Ranking-based approach to construct explanations for multiple-choice elementary science QA

About

Explanation construction for multiple-choice elementary science QA involves appropriately ranking a list of candidate explanation sentences from an unordered collection of explanation sentences for a question and its correct answer (QA).

Specifically, given a question, its known correct answer, and a list of n explanation sentences, the goal is to (1) determine whether an explanation sentence is relevant as justification for the QA, and if so, (2) rank the relevant explanation sentences in order by their role in forming a logical discourse fragment.

Shown below on the left is an example depicting the task also showing the lexical hop phenomenon (the underlined words) that is a characteristic of the corpus between Question and Answer pair not just with correct facts, but also with incorrect fact candidates. On the right, is a lecture about the project.

Our Feature-rich Task System in a Natural Language Engineering Journal Article

In this work, we designed a feature-rich support vector machine (SVM) classifier testing both a pointwise regression algorithm versus a pairwise learning-to-rank algorithm. Our features were designed in six main feature categories: Bags of lexical features (70,949 total features); ConceptNet (294,249 total features); Open Information Extraction relations (36,989 total features); Multihop inference specific features (2,620 total features); Offline TF-IDF ranking features (750,283 total features); and BERT embeddings. Two main takeaways of this system: 1) it outperforms the currently well-known neural approaches; and 2) the features themselves offer poignant insights to the computational task. More details can be found in our publication below.
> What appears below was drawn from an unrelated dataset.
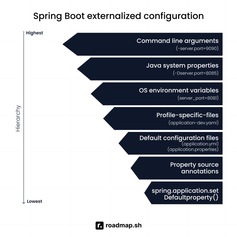 Externalized configuration allows you to separate configuration from application code so that the same application can run in different environments without modification. Spring Boot supports other externalized configuration sources, such as environment variables, command-line arguments, profile-specific files, and cloud config servers.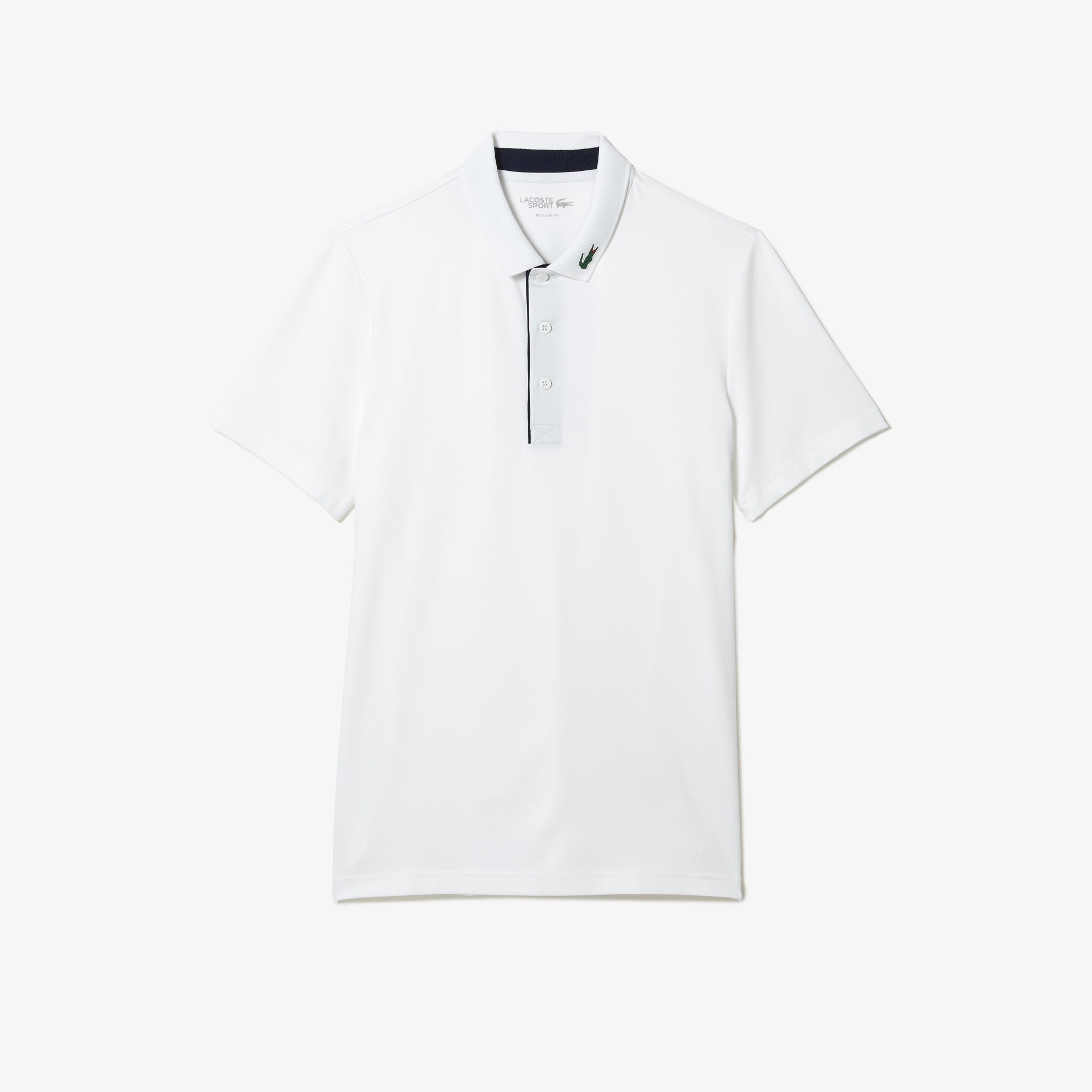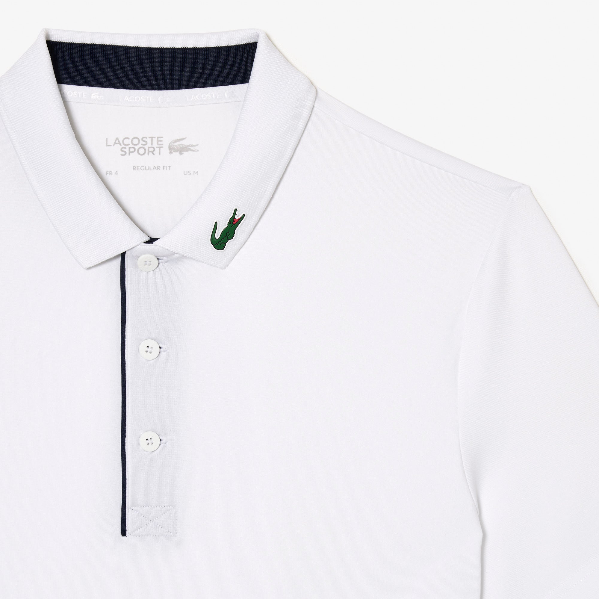 - Rigid crocodile sewn onto collar : Legendary Lacoste

Jennifer D’Souza, Isaiah Onando Mulang' and Sören Auer (2022). Ranking facts for explaining answers to elementary science questions. Natural Language Engineering, 1-26. https://doi.org/10.1017/S1351324921000358

Psycholinguistic Focus Words for Explanation Generation

In this work, concentrating exclusively on enhancing the lexical match between a question, answer, and explanation, we encode a novel lightweight feature based on the psycholinguistic concept of focus words that has been defined by Brysbaert et al. Loosely, a focus word can be defined as a word which is not too tangible to be experienced directly by the five natural senses (i.e., smell, touch, sight, taste, and hearing), while as well not too abstract (e.g., acquirable) that the meaning may not be illustrated without using other words. We noted that in elementary science, the content words in sentences which defined the semantics of the QA and explanation were indeed focus words such as break down, fall, decompose, organism, dead. Thus we demonstrate for the first time the application of focus words in the context of contemporary neural-based transformer models for the task of explanation generation. We observe that employing focus words in neural-based models enhances the lexical attention capability within transformer-based BERT models. More details can be found in our paper listed below.

Isaiah Onando Mulang’, Jennifer D’Souza, and Sören Auer. 2020. Fine-tuning BERT with Focus Words for Explanation Regeneration. In Proceedings of the Ninth Joint Conference on Lexical and Computational Semantics (*SEM), pages 125–130, Barcelona, Spain (Online). Association for Computational Linguistics.